# What to do
Look below for the line containing "Дело в том, что" and the line containing "11*16cm オーガンジー 巾着", then set down both and every line between them exactly, without pictures.

# Dataset records
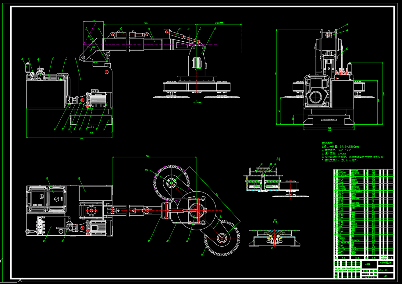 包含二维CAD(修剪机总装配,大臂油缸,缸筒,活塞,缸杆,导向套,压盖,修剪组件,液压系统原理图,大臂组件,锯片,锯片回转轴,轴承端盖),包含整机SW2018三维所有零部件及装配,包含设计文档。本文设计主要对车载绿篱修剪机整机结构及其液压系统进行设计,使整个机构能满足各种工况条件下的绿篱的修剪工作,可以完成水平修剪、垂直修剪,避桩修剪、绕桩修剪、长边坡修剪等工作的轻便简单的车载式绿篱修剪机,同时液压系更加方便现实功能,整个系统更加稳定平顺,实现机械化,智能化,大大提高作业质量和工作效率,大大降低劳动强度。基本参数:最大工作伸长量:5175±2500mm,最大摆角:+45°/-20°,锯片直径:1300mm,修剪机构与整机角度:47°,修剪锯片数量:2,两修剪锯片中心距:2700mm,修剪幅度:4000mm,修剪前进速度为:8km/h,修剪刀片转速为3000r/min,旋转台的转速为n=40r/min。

---

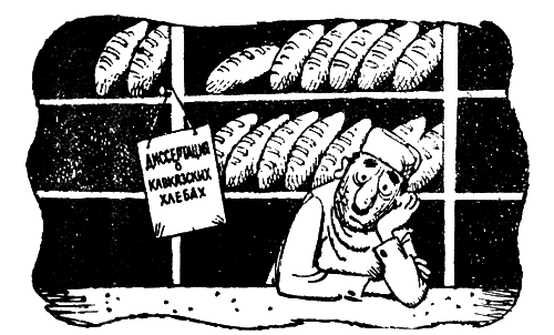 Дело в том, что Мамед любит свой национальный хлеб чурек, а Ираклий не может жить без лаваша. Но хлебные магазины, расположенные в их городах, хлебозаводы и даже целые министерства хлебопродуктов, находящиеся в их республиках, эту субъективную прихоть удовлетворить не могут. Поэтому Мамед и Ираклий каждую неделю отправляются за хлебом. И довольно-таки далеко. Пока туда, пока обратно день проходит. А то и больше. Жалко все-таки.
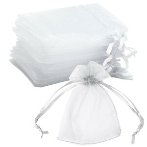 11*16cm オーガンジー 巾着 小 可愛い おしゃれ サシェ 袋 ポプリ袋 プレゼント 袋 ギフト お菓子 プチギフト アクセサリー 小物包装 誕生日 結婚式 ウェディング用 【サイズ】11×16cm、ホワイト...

# Solved problem
 Дело в том, что Мамед любит свой национальный хлеб чурек, а Ираклий не может жить без лаваша. Но хлебные магазины, расположенные в их городах, хлебозаводы и даже целые министерства хлебопродуктов, находящиеся в их республиках, эту субъективную прихоть удовлетворить не могут. Поэтому Мамед и Ираклий каждую неделю отправляются за хлебом. И довольно-таки далеко. Пока туда, пока обратно день проходит. А то и больше. Жалко все-таки.
 11*16cm オーガンジー 巾着 小 可愛い おしゃれ サシェ 袋 ポプリ袋 プレゼント 袋 ギフト お菓子 プチギフト アクセサリー 小物包装 誕生日 結婚式 ウェディング用 【サイズ】11×16cm、ホワイト...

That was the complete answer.